Now, we can join this HIES average income and expenditure data to our estimates of population-weighted wealth to compare values. However, due to spelling differences in the transliteration of Governorate names from Arabic to English, we'll need to make some adjustments to one of the sets of data to ensure spelling is the same for both. To view which fields are different, we can take another look at the Governorates dataset we generated:

I'll adjust the HIES dataset to match the administrative area spelling used in our dataset.

Now, we can join these datasets by governorate name:

Finally, we can create scatterplots to visualize the relationship between our population-weighted wealth index values and the HIES survey data. We should expect them to display similar trends if we've accurately created our population-weighted values. Note, though, that since the expenditure and income data is in Jordanian Dinars while our relative wealth index is on a scale from 0 to 1, the scales of our plots will differ.

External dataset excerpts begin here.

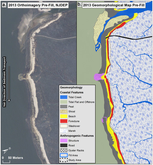 (a) 2013 Pre-Fill orthoimagery of Pierce’s Point from the New Jersey Department of Environmental Protection (NJDEP) [36]. Beach nourishment was accomplished to the north of the housing for an alongshore distance of 360 m. (b) Geomorphological map of the Pierce’s Point site prior to placement of sand on the beach, based on air photo interpretation of (a) together with field validation carried out in 2017. Features incorporate the inland displacement of the beach, dune, and washover fans migrating over the wetland to the interior and causing peat to be exposed in the beach zone.
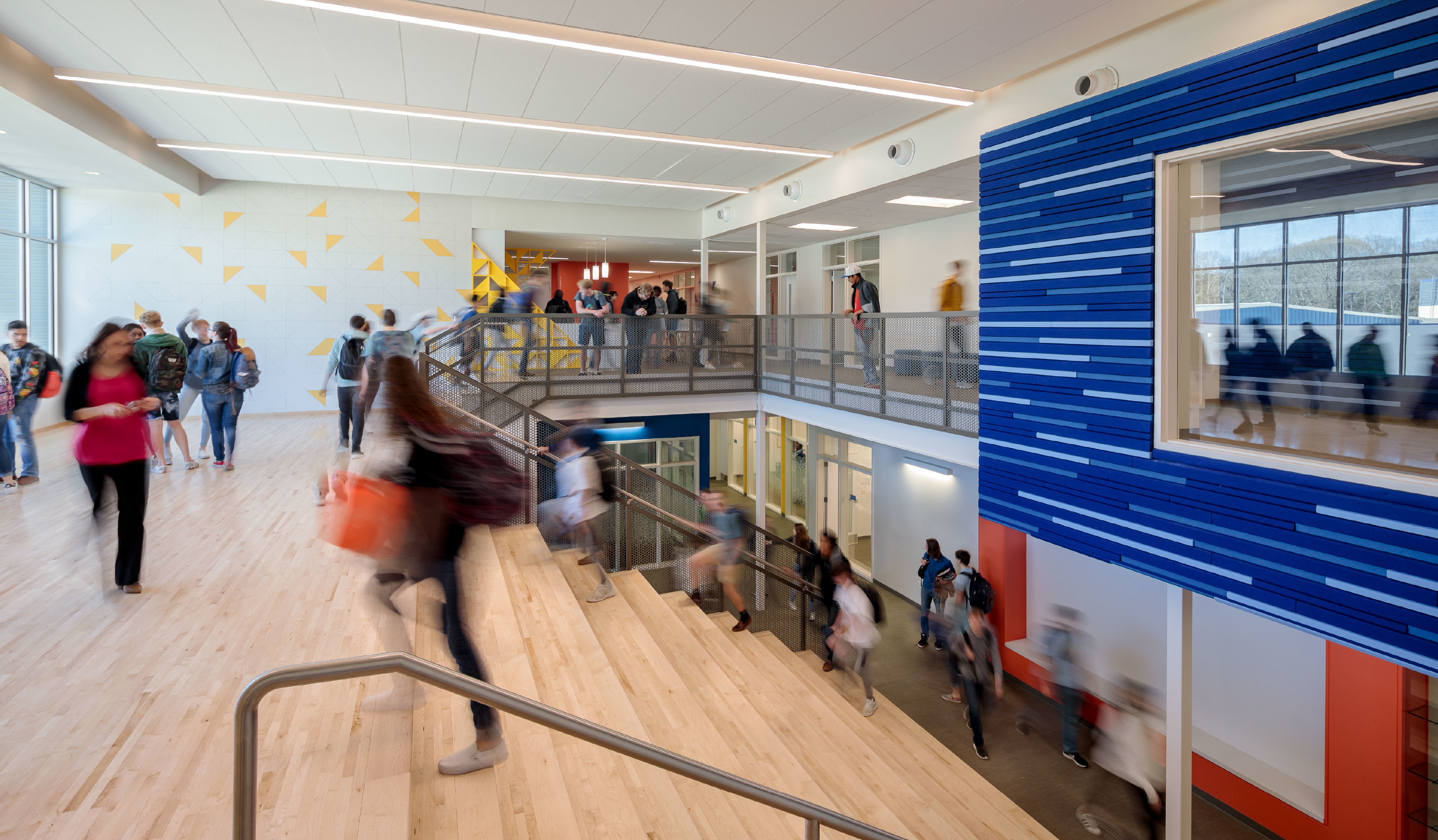 A focus was placed on the functional, leaving funds to accentuate areas such as the performing arts center, which includes a tile wall and tile floor in the lobby. FACE drove the design, with spaces built for flexibility, in addition to access, collaboration and engagement. Makerspaces were designed to support multiple uses. For example, a wide, wooden stairway in one academic building can double as bleacher seating for a small, indoor amphitheater.
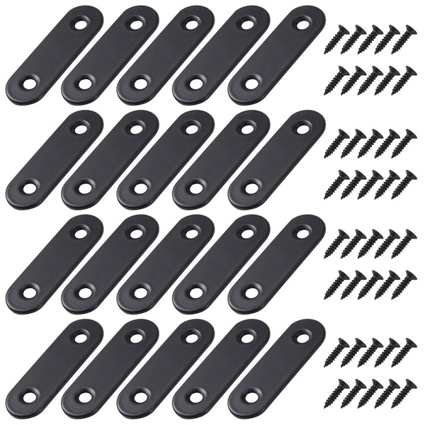 Angle Connector Flat Angle Brackets Right Angle Stainless Steel Corner Bracket Furniture Flat Corner Brackets with Screws for Table Chair Bookshelf 50 x 16 mm Black 20 Pieces
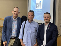 Pictured (L-R) after the BMI music licensing session at the 2021 MPMA conference in Sioux Falls are: BMI’s Dan Spears, BMI songwriter Jim McCormick, and MPMA Executive Director Justin Jakovac. View Photo
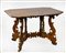 Tavolo con piano ottagonale, gambe e traverse sagomate, montanti centrali...
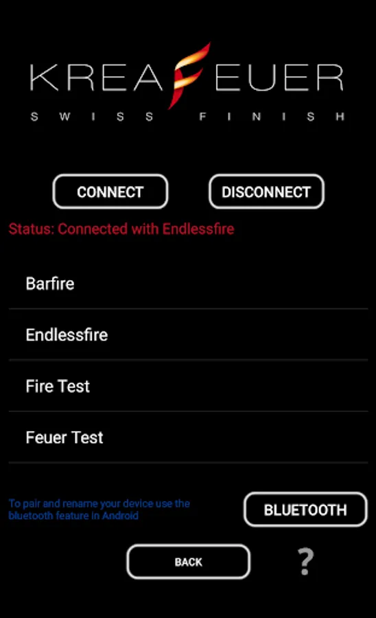 Mit der Kreafeuer App können sie unsere Produkte anhand Bluetooth steuern.
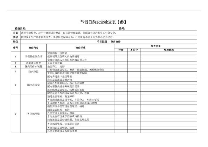E20210713~節(jié)假日前安全檢查表匯編10套doc
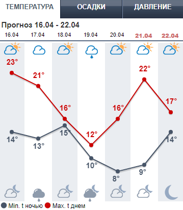 По данным сайта Sinoptik.ua, также обещает, что неделя начнется с +21...+23 днем. Со среды дневная температура опустится до +15...+16. На выходных в субботу потеплеет до +20, в воскресенье будет прохладно: +13 днем. Дожди обещают в среду, пятницу и воскресенье.
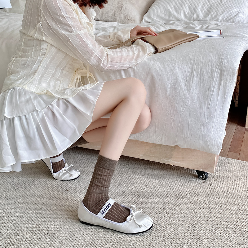 袜子女走秀款夏季薄款堆堆袜纯色中筒袜条纹镂空网眼网红春秋长袜

From a consideration of these plots, we can see that the weighted RWI corresponds better to the Expenditures values than the Income values, though neither are extremely aligned. Since we've had to roll up our data to the Governorate level, however, and in particular since we're only looking at values for income and expenditure rather than the more complex RWI (which uses satellite imagery, internet connectivity, topography, and cellular data among other sources), it is not unexpected to lack exact alignment. This demonstrates the importance of validating with multiple sources if possible, as each validation will likely require consideration within its unique context.

Conclusion

The increasing availability of novel datasets with global coverage present enormous opportunities for evidence-based policymaking where ground-truth data were previously unavailable. By combining estimates which are built using these geographic datasets, such as the population and wealth measures considered above, we can further enhance their accessibility and usefulness for the organizations and individuals working to improve outcomes for these populations.